Peut-on faire grève par solidarité ?
La grève, droit reconnu par l'alinéa 7 du Préambule de la Constitution de 1946, n'a pas de définition légale. C'est la jurisprudence qui la caractérise comme « la cessation collective et concertée du travail en vue d'appuyer des revendications professionnelles » (Cass. soc. 2 fév. 2006, n°04-12336).
Les grèves de solidarité peuvent ainsi être considérées comme des mouvements illicites si aucune revendication professionnelle n'est portée (Cass. soc. 16 nov. 1993, n°91-41024). C'est ce que rappelle la Cour de cassation dans un arrêt récent (Cass. soc. 6 avr. 2022, n°20-21586).
Un arrêt de travail par solidarité avec un collègue n'est pas une grève
Dans cette affaire, des salariés de la société Iteremia, filiale de la SNCF spécialisée dans l'accueil des voyageurs, se mettent en grève pendant cinq jours afin de protester contre le licenciement d'un collègue pour faute grave. L'employeur les met en demeure de reprendre le travail avant de les convoquer, au 5ème jour de grève, à un entretien préalable à licenciement. Ils sont ensuite licenciés pour faute grave en raison de leur absence injustifiée. Les salariés saisissent les prud'hommes, puis la cour d'appel et enfin la Cour de cassation pour obtenir l'annulation de leur licenciement et leur réintégration. Ils sont déboutés à tous les niveaux. Pourquoi ?
Les juges estiment que leur arrêt de travail ne constitue pas une grève et qu'ils ne peuvent donc pas bénéficier de la protection contre le licenciement attachée au droit de grève (art. L. 2511-1 C. trav.).
Or, dans cette affaire, les salariés s'étaient contentés, dans la lettre transmise à l'employeur, de contester les fautes imputées à leur collègue et la décision de l'employeur de le licencier. Comme le licenciement a été prononcé pour des faits strictement personnels et que les salariés n'assortissaient pas leurs revendications d'une autre demande que son annulation, les juges en déduisent qu'en l'absence de revendication professionnelle, il ne s'agit pas d'une grève mais d'un mouvement illicite.
Sauf s'il est assorti de revendications professionnelles
Pour autant, toute grève de solidarité n'est pas nécessairement un mouvement illicite.

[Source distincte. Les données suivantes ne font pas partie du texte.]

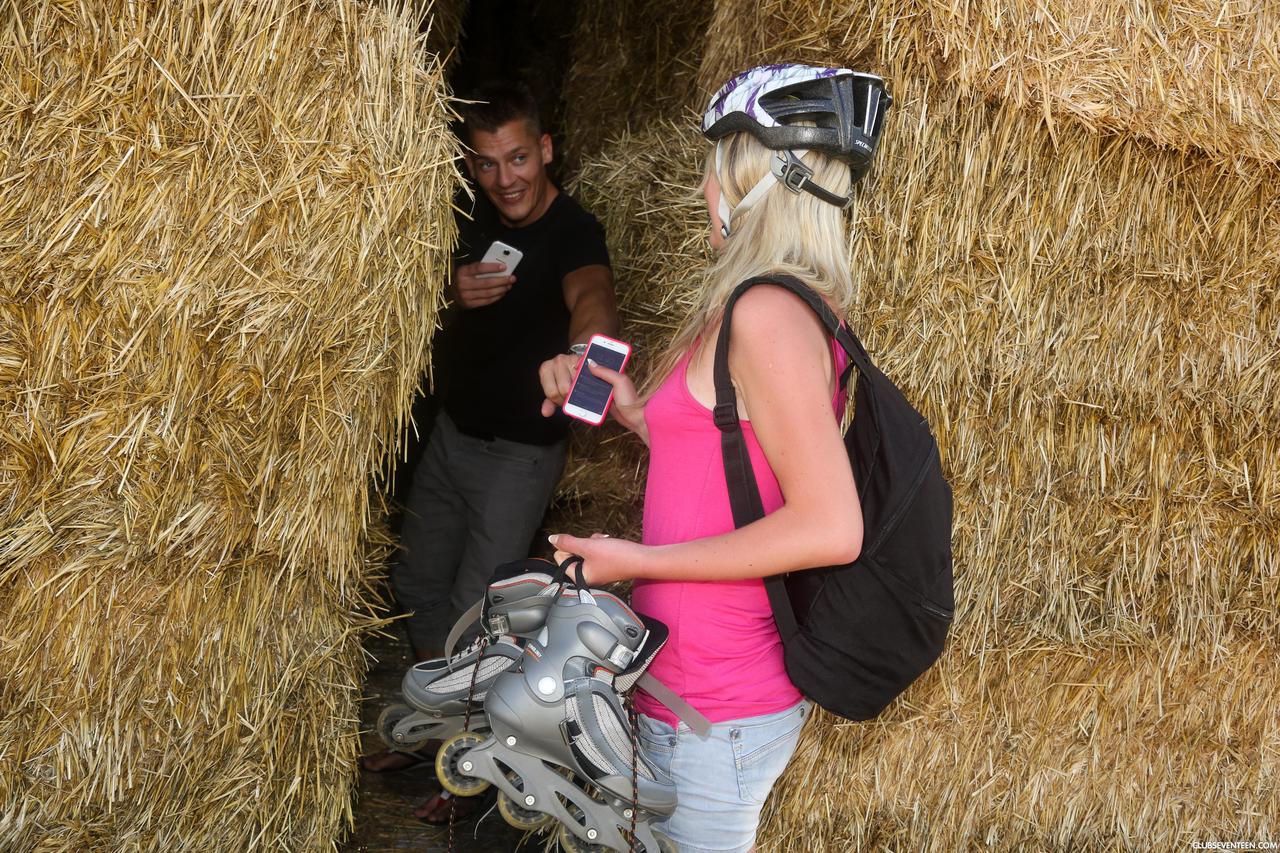 Трахнул блондинку велосипедистку на сеновале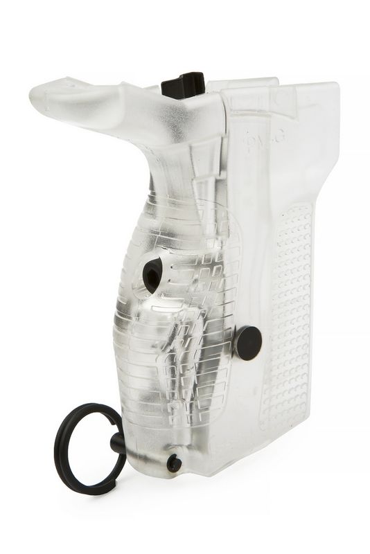 Рукоятка имеет встроенный механизм отсоединения магазина, кнопку которого можно нажимать большим пальцем стрелковой руки, что уменьшает время замены магазина, а также увеличенный хвостовик для защиты руки от воздействия затворной рамы.

Mais si les salariés veulent protester contre une sanction infligée à l'un des leurs, ils doivent prendre garde de légitimer leur mouvement par des revendications professionnelles collectives.

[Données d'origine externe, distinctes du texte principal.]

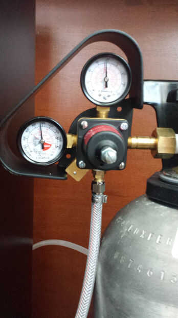 Asegure todas las conexiones y con el regulador apagado lentamente presurizar el sistema para la prueba. Desea comprobar si hay fugas primero. Esto puede hacerse fácilmente con una botella de apretón similar a Starbucks chorrito caramelo o genérico ketchup o mostazas botellas encontradas restaurantes. Coloque una pequeña cantidad de agua con unas gotas de jabón líquido y agitar. Una vez que esté todo burbujeante pueden dirigirse a las burbujas a las conexiones el regulador y el tanque de carbonatación. Prueba de todo, incluyendo las conexiones del medidor. Si no nuevo forman burbujas entonces eres bueno para ir y puede limpiar limpio. Como medida de precaución también apaga la válvula del tanque y dejarlo a sentarse durante la noche para ver si disminuye marcado de la presión del regulador. Cualquier fuga lenta bastante rápidamente como es constante agota su tanque. La buena noticia es que no es tóxico o inflamable. La mala noticia es si fuga de grandes cantidades en un ambiente cerrado, el co2 es más pesado que el aire y desplaza oxígeno. Pueden sofocar y morir. Hay detectores de co2 ahi venden bajo metros de calidad de aire cuesta $100 +. Nota: esto no es lo mismo como detectores de CO o monóxido de carbono.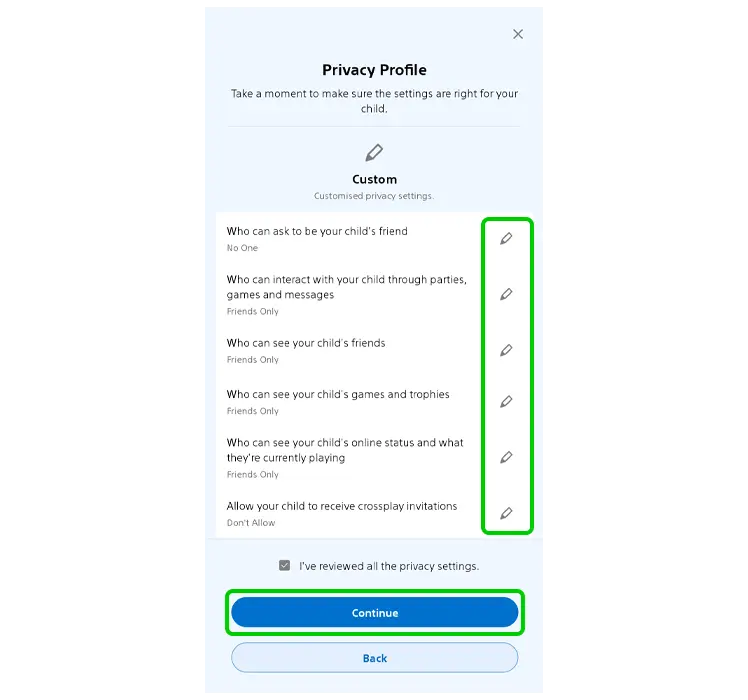 Étape 18 - La revue chaque réglage sous Profil de confidentialité et assurez-vous que «Autorisez votre enfant à modifier ce paramètre' est tourné de rabais (Le bouton gris indique que la fonction est désactivée) pour chaque réglage.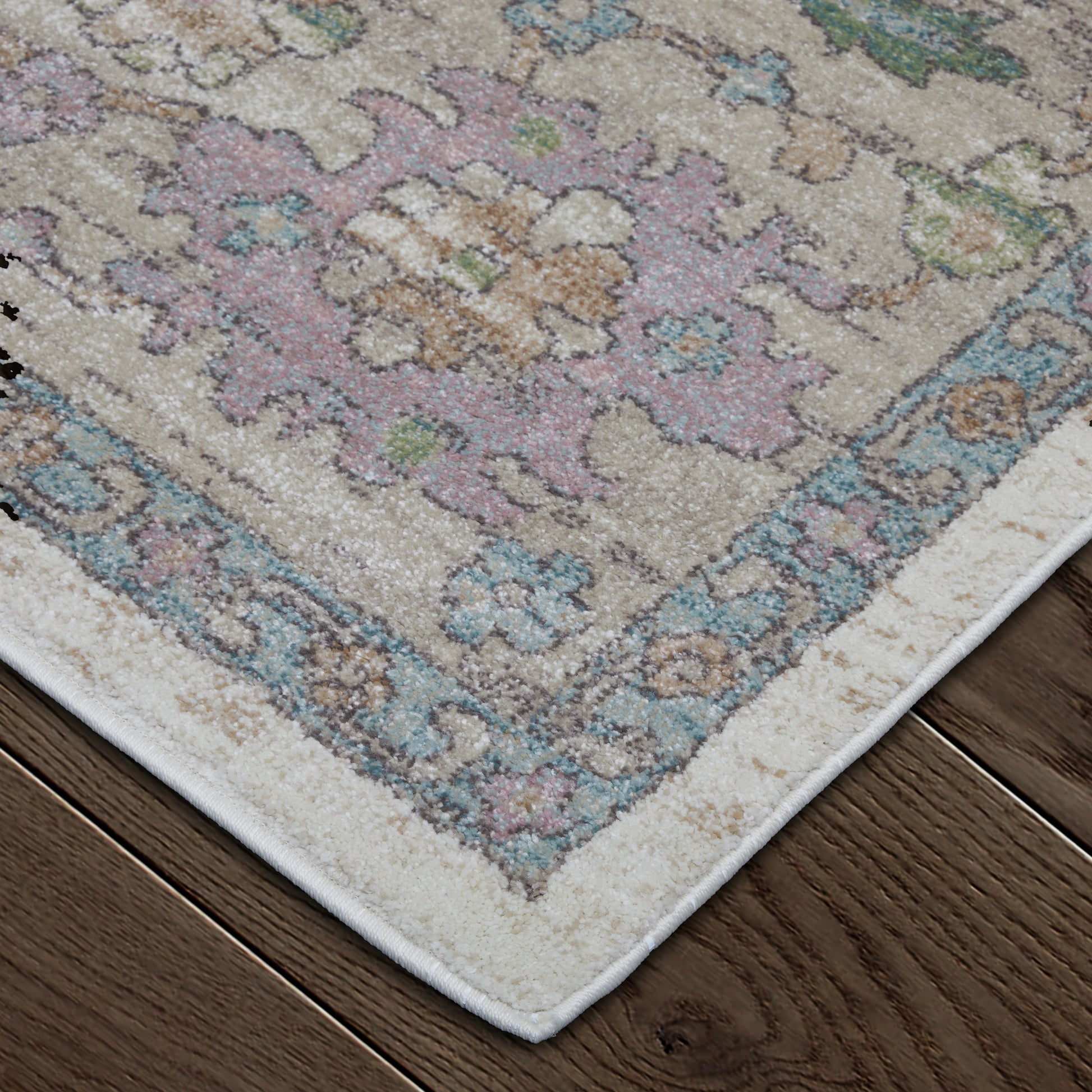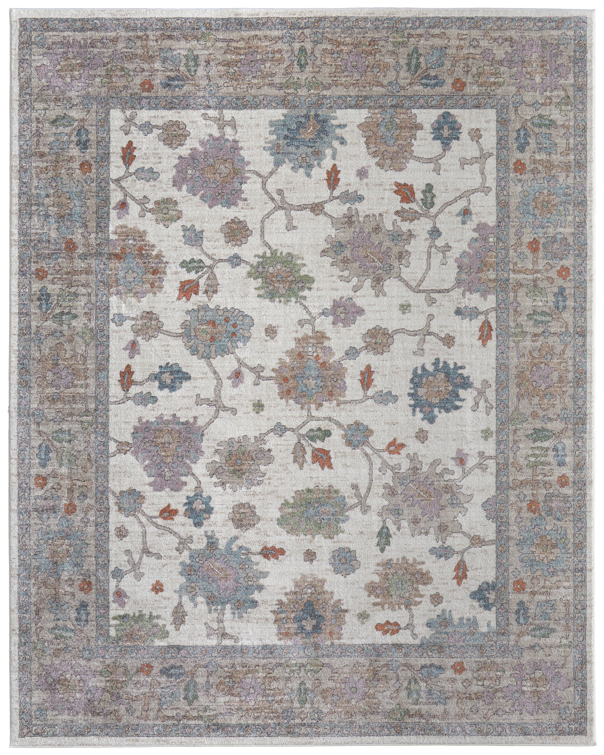 Transitional Ivory Rug: Featuring intricate floral motifs in soft blue, lavender, and rust, it beautifully enhances traditional home decor in any living area.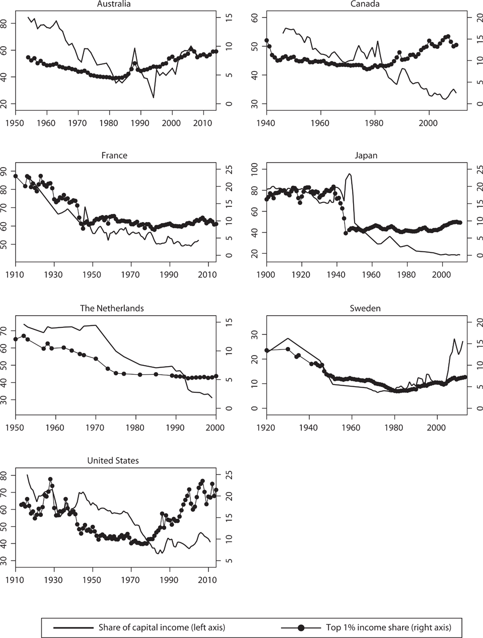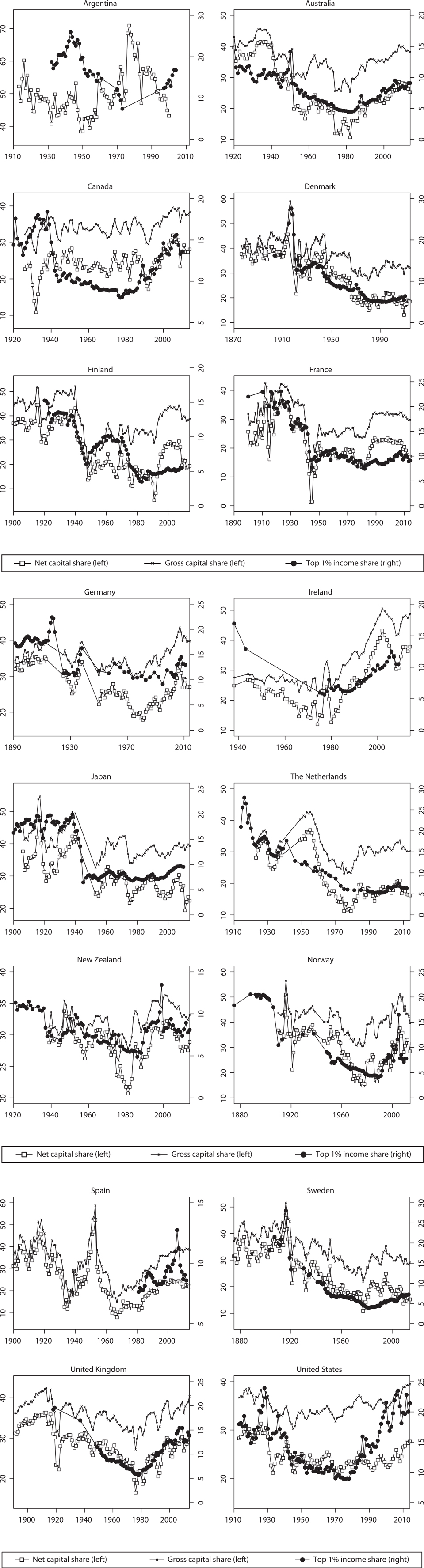 We begin by depicting the long-run evolution of the net capital share and top percentile income shares in the 16 countries for which we have both data series. The patterns are not uniform across countries; there are substantial differences in levels, trends, and in the degree of variability of the series. The net capital share lies mostly between 20 and 30 percent of value added, but one-fifth of values are either below 15 percent or above 40 percent, documenting the large variation. The top 1 percent income share also varies over time, and in most countries there is a clear co-variation (especially Denmark, Sweden, and Japan), but in a few cases this relationship is not at all so strong.

Quelques exemples de grèves de solidarité reconnues par les juges :
- Une grève suite à un licenciement économique car « la menace sur l'emploi que faisait peser ce licenciement caractérisait une revendication professionnelle de défense et de maintien de l'emploi intéressant l’ensemble du personnel» ( Cass. soc. 22 nov. 1995, n°93-44017) ;
- Une grève en solidarité avec une salariée licenciée car elle refusait de tenir un carnet de production imposé par l'employeur, carnet dont les grévistes demandaient le retrait (Cass. soc. 30 nov. 1977, n°76-40043).
- Une grève pour soutenir des salariés menacés de sanctions disciplinaires pour des faits commis lors d'une précédente grève car elle répond à un intérêt collectif et professionnel de défense du droit de grève ( Cass. soc. 2 juil. 2014, n°13-12562).